SUPPLIED MATERIAL: Begin
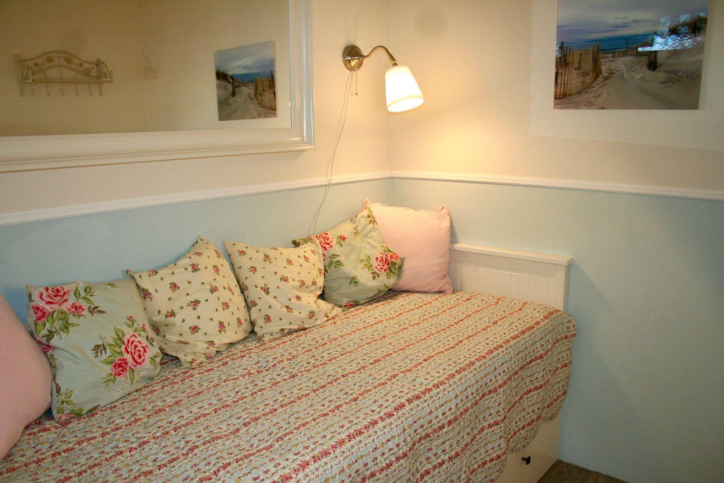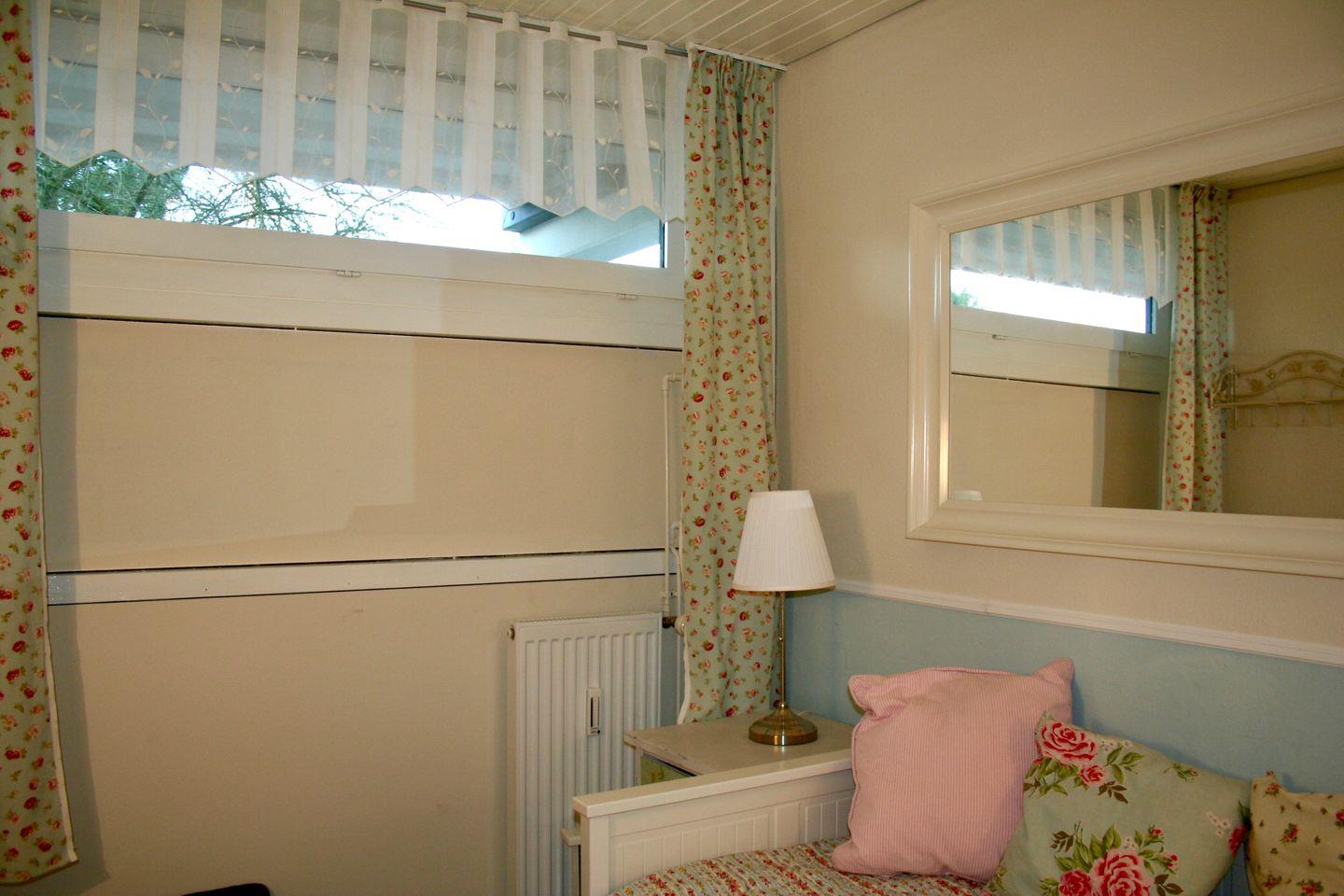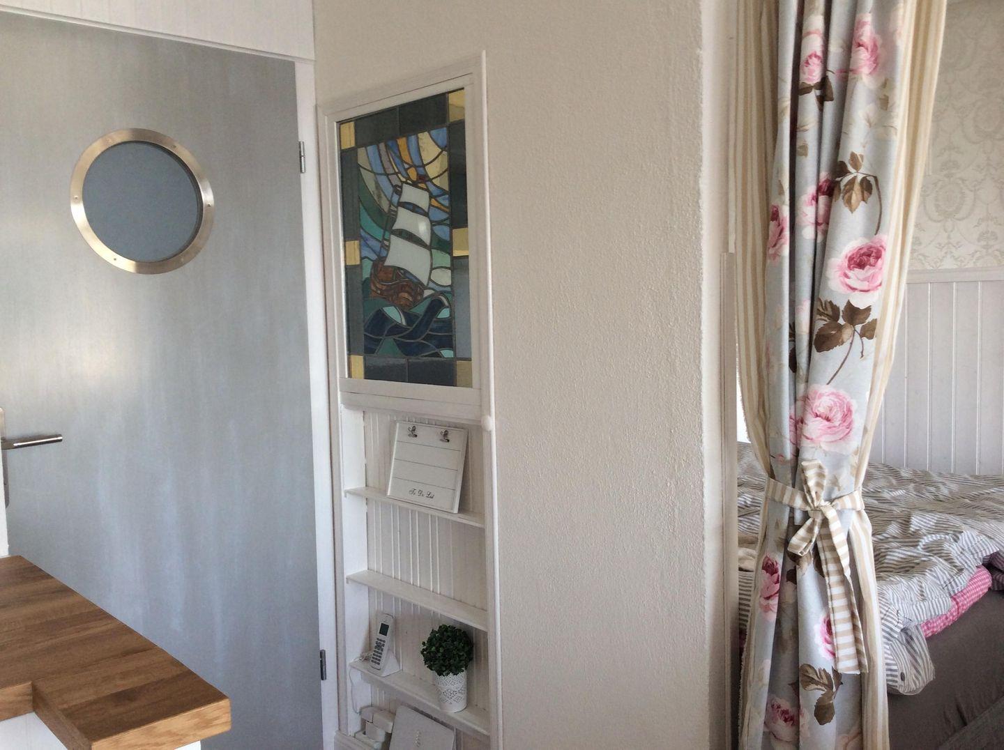 Die elegante Kapitänskoje mit seinem maritimen Bleiglas-Segler ist an das Wohnzimmer angeschlossen. Auf eine Wand zum Wohnzimmer wurde bewusst verzichtet, damit Sie morgens nach dem Aufwachen im 160 x 200 cm großen Boxspringbett den Blick auf das Meer genießen können. Tagsüber kann der Bereich durch den geschmackvollen Vorhang abgetrennt werden.
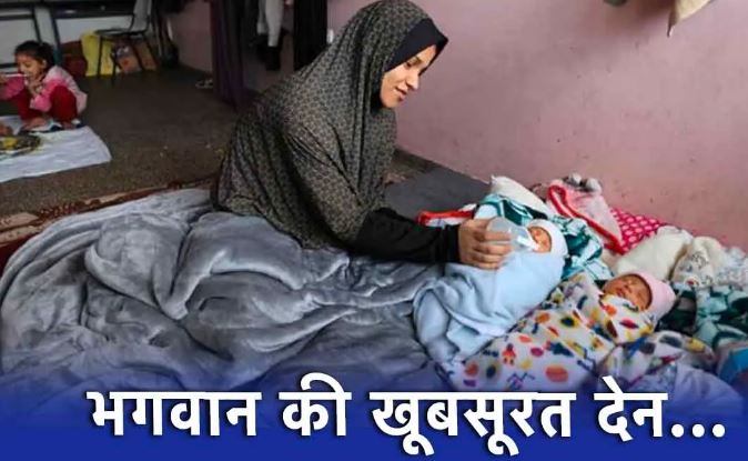 इसे कुदरत का करिश्मा कहें या किस्मत... एक तरफ जंग के हालात, गोलीबारी और बमबारी, दूसरी तरफ लाशें, रोते-बिलखते लोग, इन सबके बीच दुनिया में आ रही थीं 4 नई जिंदगियां। यह एक ऐसी महिला की कहानी है जो हमला होने पर अपनी जान बचाने के लिए अपने तीन बच्चों के साथ घर से भाग जाती है। वह गर्भवती थी, कोई उपकरण नहीं था और कोई रिश्तेदार नहीं था, बिना यह सोचे कि वह कहाँ जाएगी, वह लगभग 5 किलोमीटर पैदल चली। जब वह अंततः दक्षिणी गाजा पहुंची, तो प्रसव पीड़ा शुरू हो गई। किसी तरह बच्चों ने अन्य महिलाओं को बुलाया, जिन्होंने बच्चों को जन्म देने में उनकी मदद की। 4 बच्चे थे, 2 लड़कियाँ और 2 लड़के। महिला अपने बच्चों के साथ शरणार्थी शिविर में है.
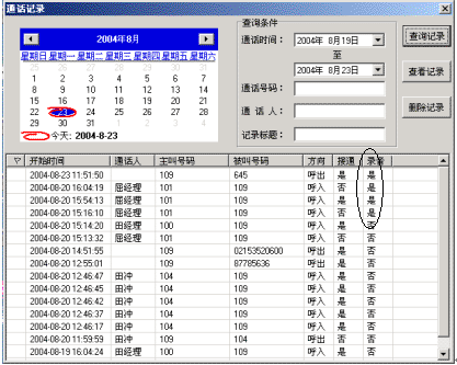 當(dāng)您在接打電話時,可以利用 NBX-TCA對當(dāng)前的通話進(jìn)行錄音,以方便您對重要信息的記錄和查找。您可以在通話記錄中對已錄音的記錄進(jìn)行查找,如下圖所示。打開通話記錄,選擇按錄音查找方式查看已有的錄音即可。
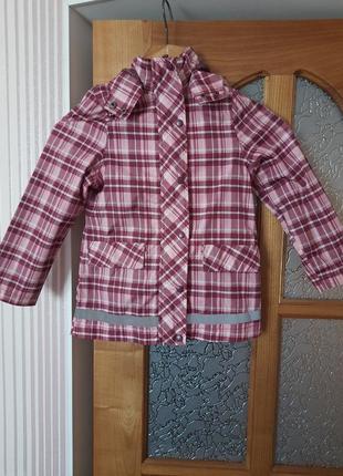 Фирменный плащик на девочку 4-6 лет, рост 110-116. Стан очень хорош, носили мало.Застежка молния+кнопки. Капюшон на кнопках, отстегивается. Длина 54см, между руками 37см, длина рукава 45см, плечи 29см.
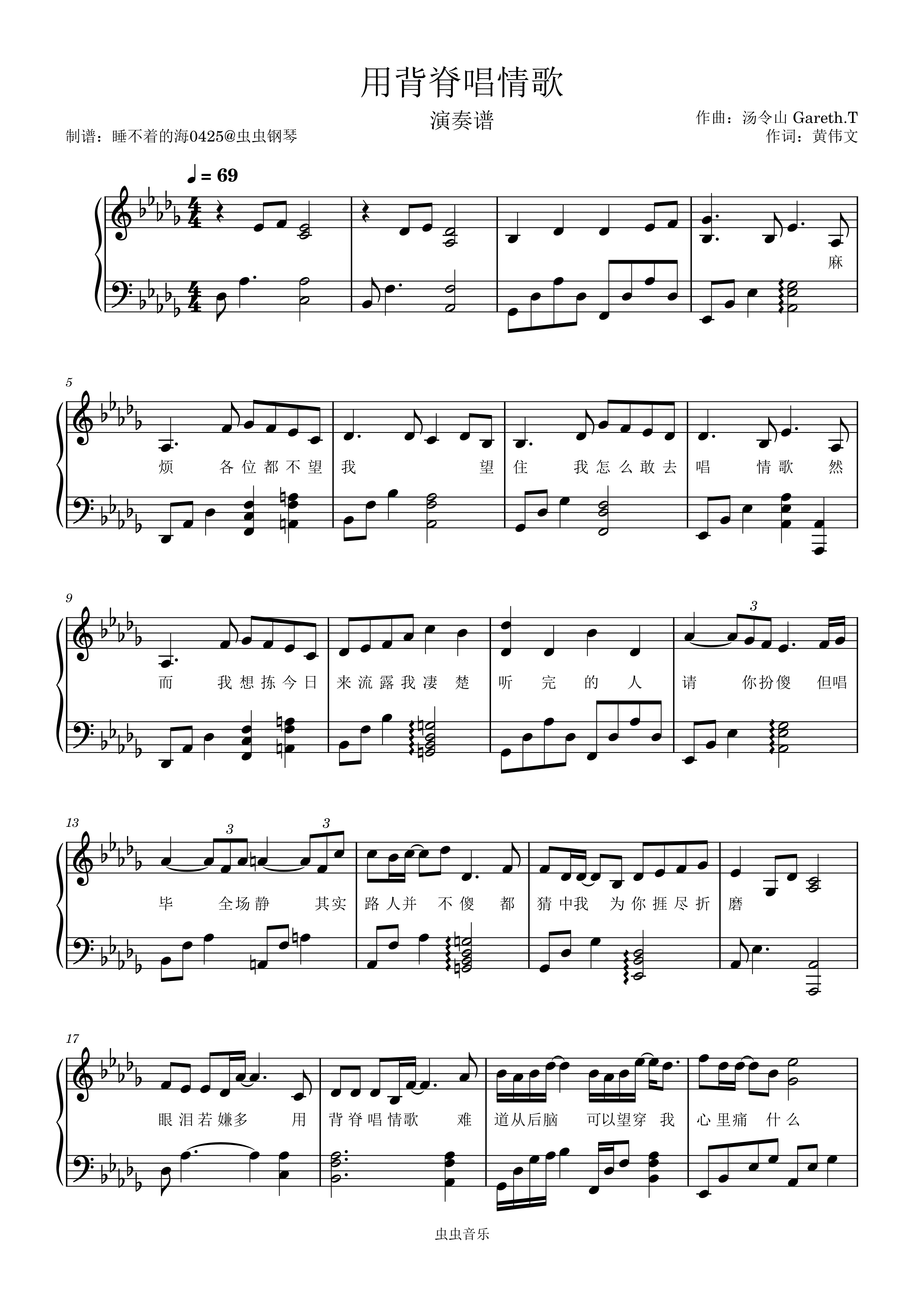 钢琴谱:用背脊唱情歌
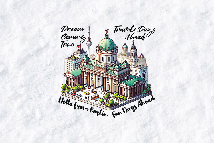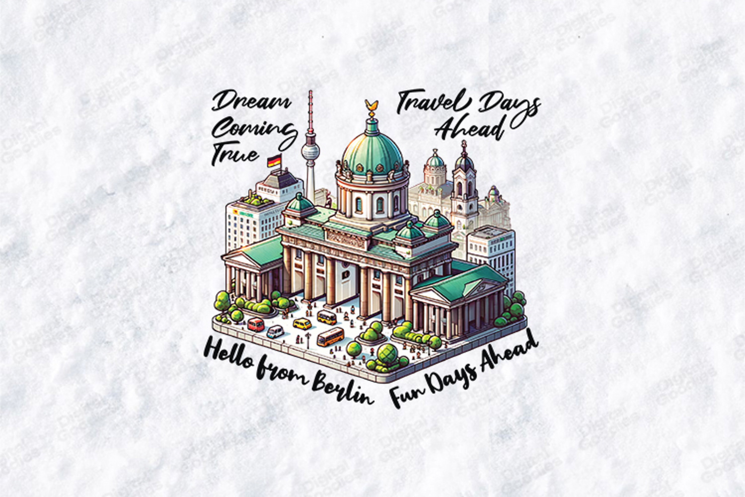 This high-quality illustration features famous Berlin landmarks, including the iconic Berlin Cathedral (Berliner Dom) and the TV Tower (Berliner Fernsehturm). With phrases like "Hello from Berlin" and "Dream Coming True," it is the perfect digital asset for travelers and creators looking to capture the spirit of this historic city.
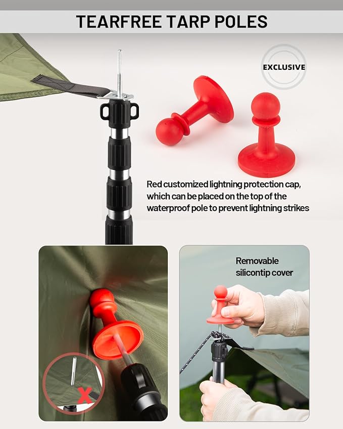 - ANTI-SLIP BOTTOM: This tarp poles features a hard silicone bottom cap that prevents the pole from sliding, making it easier to hold it upright when you use poles
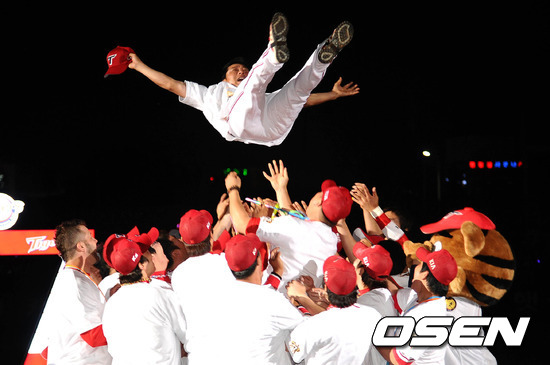 26일 오후 광주 무등야구장에서 열린 이종범 선수의 은퇴식에서 KIA 선수들이 은퇴식을 마친 이종범을 헹가래로 배웅하고 있다.
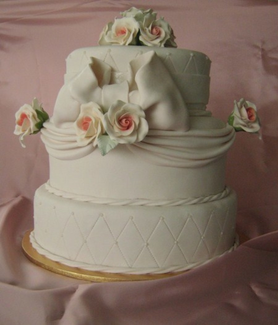 White Chocolate Cake with White Chocolate Ganache. The Roses were pre-made from an online company. Thanks for looking :)
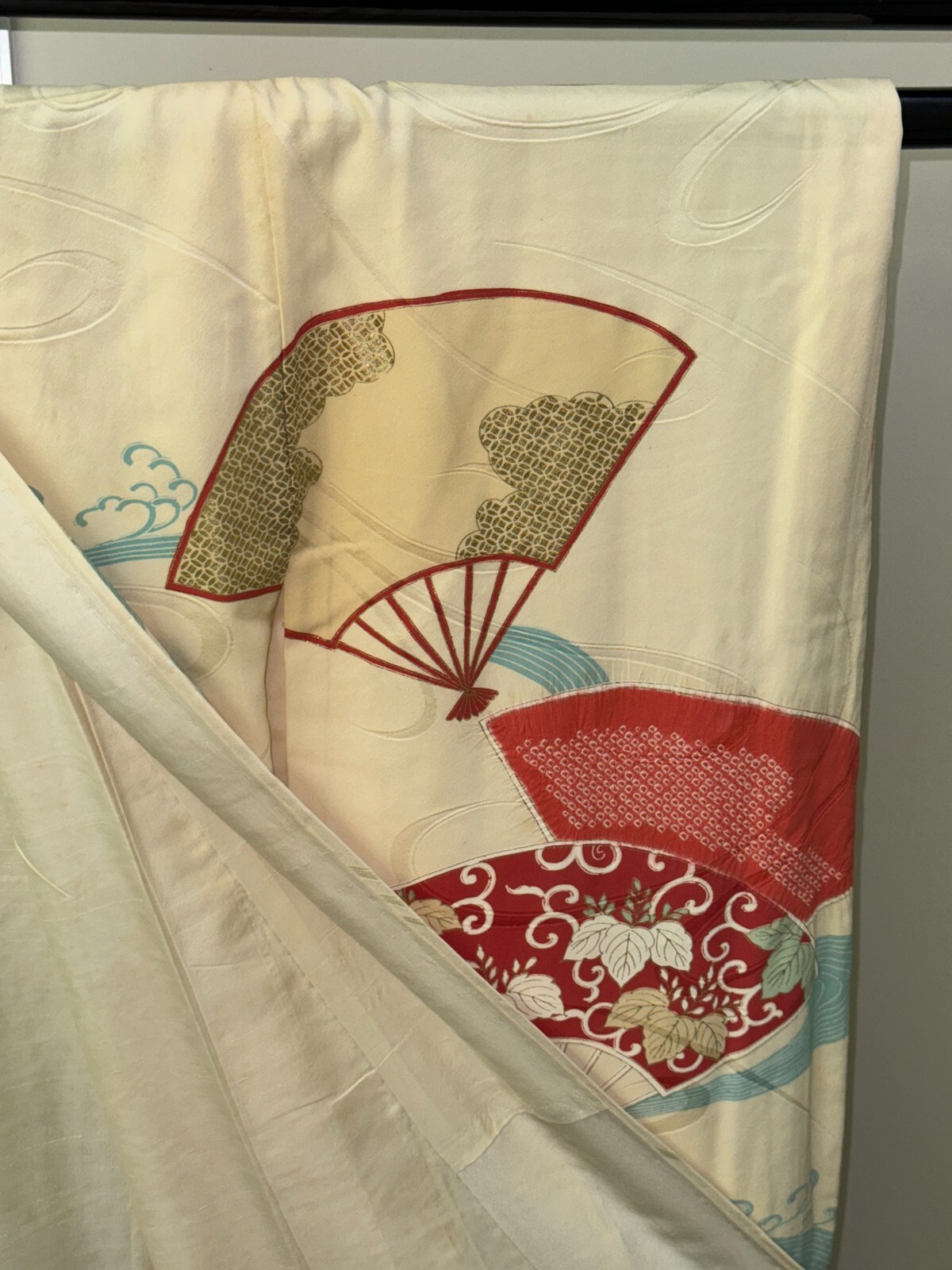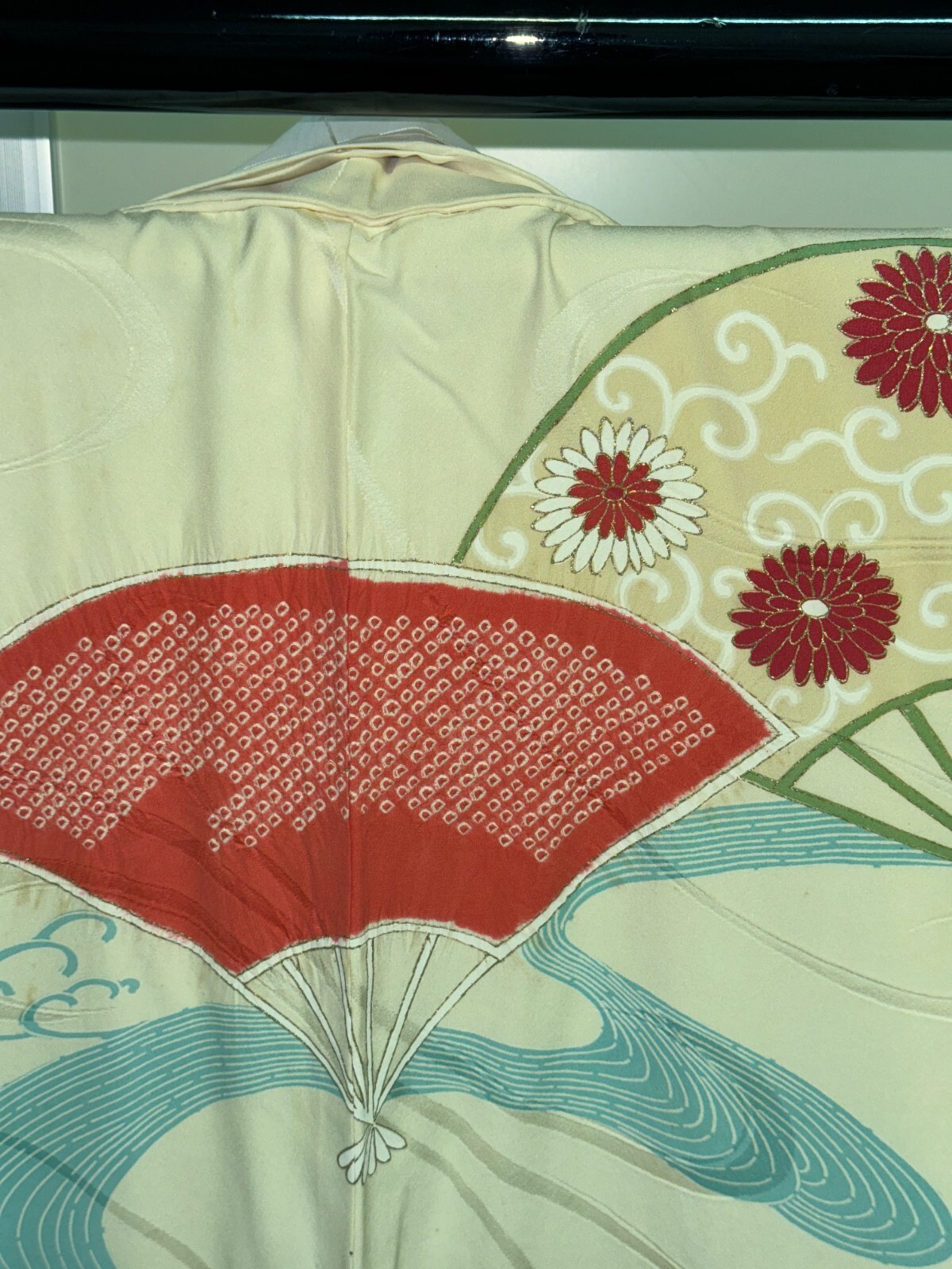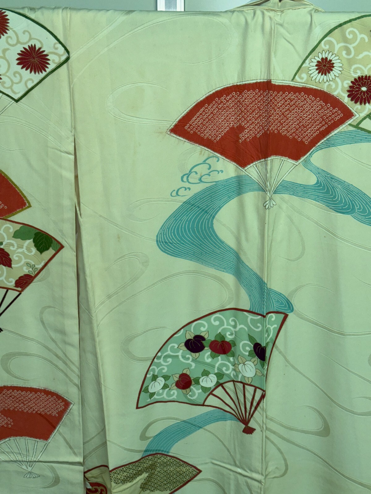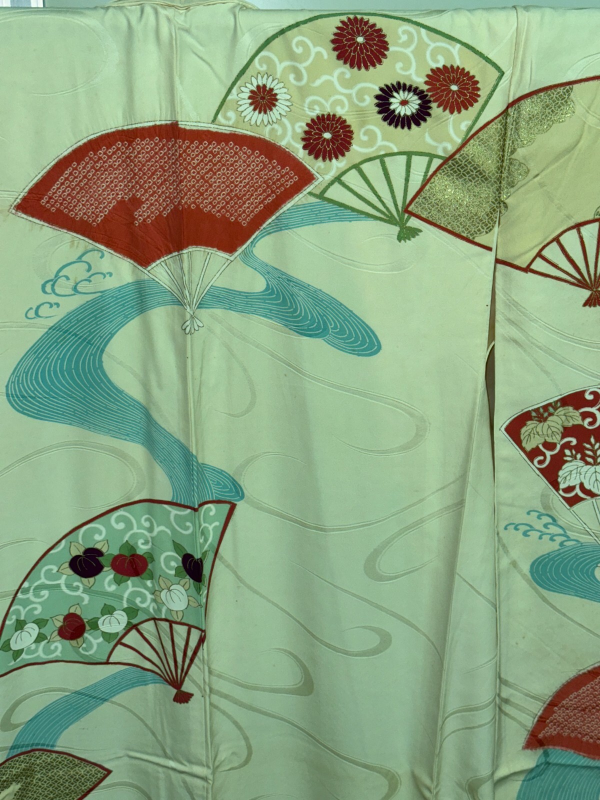 Japanese Vintage Kimono Furisode silk White Flower Fan Expensive Height 61.41in
SUPPLIED MATERIAL: End
### ACTIVITY
Transcribe the listing above in full and exactly; no pictures belong in the copy.

### PROBLEM SOLUTION
 Die elegante Kapitänskoje mit seinem maritimen Bleiglas-Segler ist an das Wohnzimmer angeschlossen. Auf eine Wand zum Wohnzimmer wurde bewusst verzichtet, damit Sie morgens nach dem Aufwachen im 160 x 200 cm großen Boxspringbett den Blick auf das Meer genießen können. Tagsüber kann der Bereich durch den geschmackvollen Vorhang abgetrennt werden.
 इसे कुदरत का करिश्मा कहें या किस्मत... एक तरफ जंग के हालात, गोलीबारी और बमबारी, दूसरी तरफ लाशें, रोते-बिलखते लोग, इन सबके बीच दुनिया में आ रही थीं 4 नई जिंदगियां। यह एक ऐसी महिला की कहानी है जो हमला होने पर अपनी जान बचाने के लिए अपने तीन बच्चों के साथ घर से भाग जाती है। वह गर्भवती थी, कोई उपकरण नहीं था और कोई रिश्तेदार नहीं था, बिना यह सोचे कि वह कहाँ जाएगी, वह लगभग 5 किलोमीटर पैदल चली। जब वह अंततः दक्षिणी गाजा पहुंची, तो प्रसव पीड़ा शुरू हो गई। किसी तरह बच्चों ने अन्य महिलाओं को बुलाया, जिन्होंने बच्चों को जन्म देने में उनकी मदद की। 4 बच्चे थे, 2 लड़कियाँ और 2 लड़के। महिला अपने बच्चों के साथ शरणार्थी शिविर में है.
 當(dāng)您在接打電話時,可以利用 NBX-TCA對當(dāng)前的通話進(jìn)行錄音,以方便您對重要信息的記錄和查找。您可以在通話記錄中對已錄音的記錄進(jìn)行查找,如下圖所示。打開通話記錄,選擇按錄音查找方式查看已有的錄音即可。
 Фирменный плащик на девочку 4-6 лет, рост 110-116. Стан очень хорош, носили мало.Застежка молния+кнопки. Капюшон на кнопках, отстегивается. Длина 54см, между руками 37см, длина рукава 45см, плечи 29см.
 钢琴谱:用背脊唱情歌
 This high-quality illustration features famous Berlin landmarks, including the iconic Berlin Cathedral (Berliner Dom) and the TV Tower (Berliner Fernsehturm). With phrases like "Hello from Berlin" and "Dream Coming True," it is the perfect digital asset for travelers and creators looking to capture the spirit of this historic city.
 - ANTI-SLIP BOTTOM: This tarp poles features a hard silicone bottom cap that prevents the pole from sliding, making it easier to hold it upright when you use poles
 26일 오후 광주 무등야구장에서 열린 이종범 선수의 은퇴식에서 KIA 선수들이 은퇴식을 마친 이종범을 헹가래로 배웅하고 있다.
 White Chocolate Cake with White Chocolate Ganache. The Roses were pre-made from an online company. Thanks for looking :)
 Japanese Vintage Kimono Furisode silk White Flower Fan Expensive Height 61.41in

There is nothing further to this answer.